I look at the array of half empty bottles of vitamins and supplements. I’ve given them all up. They’ve failed me. I ponder which one I should start again. I guess which one might be the key. Which one might be the answer. Which one the cure. I decide on the probiotic, but as I swallow it, the tightness in my throat makes me gag when I’m swallowing. I cough, and it comes shooting out onto the table. I throw it away.

Had I lost a limb.

I sit at my computer. I look in the picture folder for the dozen recipe pictures that need editing, I look at the emails that need to be answered, I look at the Facebook notifications, I look at the half written word documents, and the traffic stats, and the affiliate dashboards. I exit. I start to type. I get to the end, and I decide to read the emails:

Just want to say thank u so much for your generous spirit.
Bless you,
S

I am loving reading your recipes!
Appreciate your time,
M

I’m very grateful to have your recipes in hand, especially starting out. Many thanks for the gift!
C

This is awesome!!
C

Thank you so much!
J

These beautiful people haven’t lost their limbs. They are right here where I am, with me, on this same frustrating journey. We haven’t given up hope. Each day we gain insight, we gain knowledge, and we gather the determination to keep going, to keep trying. There is nothing else but this–here and now. And what we do here and now may change our lives. Or not. All we know is we can never stop trying. There is so much to live for still.

Had I Lost a Limb: What It's Like to Live With Chronic Illness by Lectin Free Mama

 

5 Comments

  • Diana Schultz

    September 24, 2017 at 8:17 pm

    So vety heartbreaking for a parent over and over again. Living this moment, but hoping for a moment in the near future when we see a smile on your face and a bounce in your step.
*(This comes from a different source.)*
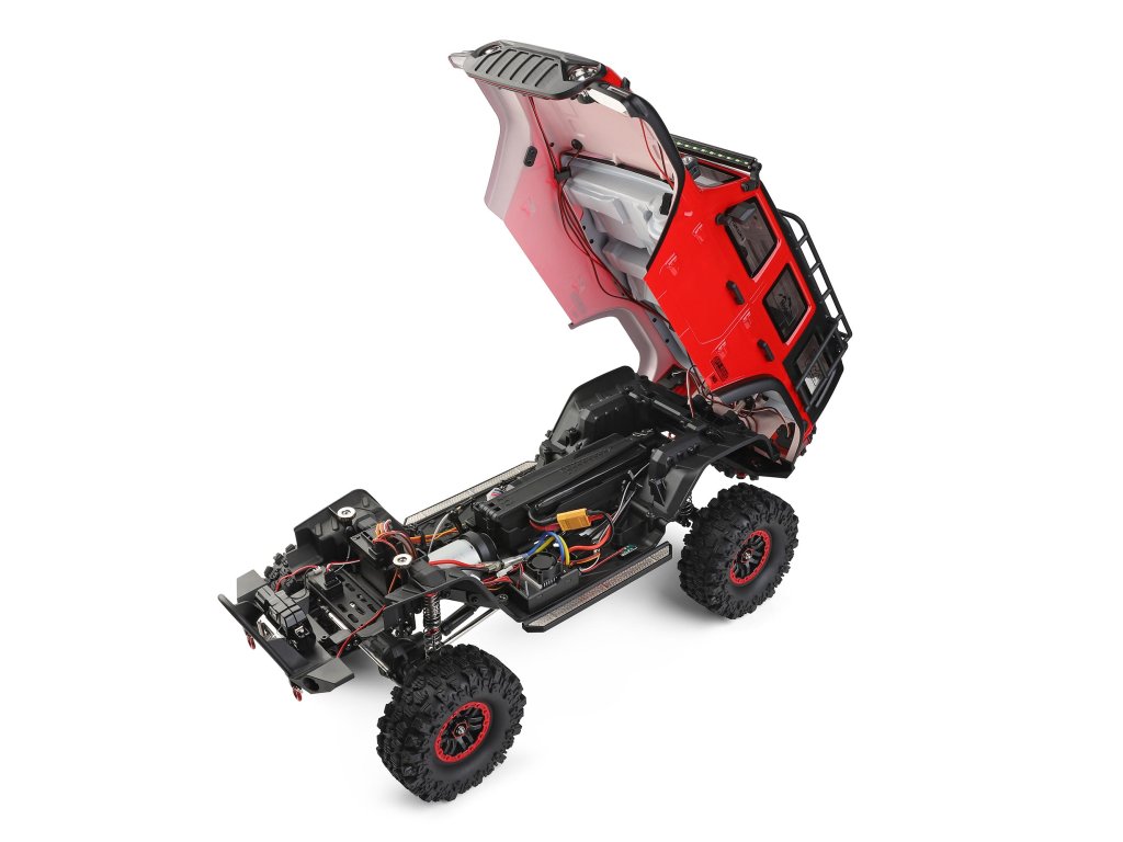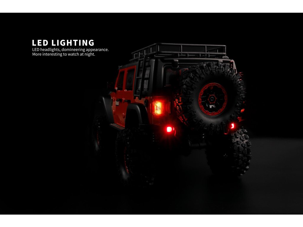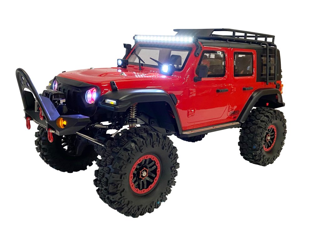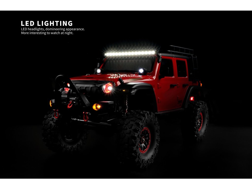 CRAWLER A RÝCHLOSTÉ AUTO V JEDNOM VĎAKA DVOJRÝCHLOSTNEJ PREVODOVKE OVLÁDANEJ Z VYSIELAČA * VYNIKAJÚCE PORTÁLOVÉ NÁPRAVY PRE MAXIMÁLNU PRIECHODNOSŤ TERÉNOM * DIAĽKOVO UZAVIERATEĽOV NIE V ŠTÝLE JEEP WRANGLER RUBICON

A time for renewed health which you are so deserving of Autumn. ❤ Mom & Dad

  • BJ Crouse

    October 2, 2017 at 12:44 am

    Thank you for writing with truth & feeling. Others who have like problems can relate with your words. I encourage you today to keep on, keeping on. Looking back on what you wrote, there are so many things that you can be thankful for in the place where you stand today. Be sure to dwell on the blessings you can be thankful for in each moment of your day, and not focus the hard places….for we all have hard places and they will always be there.
    They are our growing places, those things that stretch us and help us relate to others, or them to us. I wish you good things today and every day, and thank you again for being real and sharing.

    1. Autumn.m.boyle@gmail.com

      October 2, 2017 at 2:23 pm

      There are many, many things to be thankful for!

  • Lynda

    October 2, 2017 at 6:30 pm

    I am grateful for the recipes you have created that are Plant Paradox compliant. It is a real service to the rest of us. I am hoping for your recovery and continued good health thereafter. We love you.

    1. Autumn.m.boyle@gmail.com

      October 3, 2017 at 1:39 pm

      Thank you so much! I am humbled and grateful that so many are concerned. I hope to continue doing this for a long time!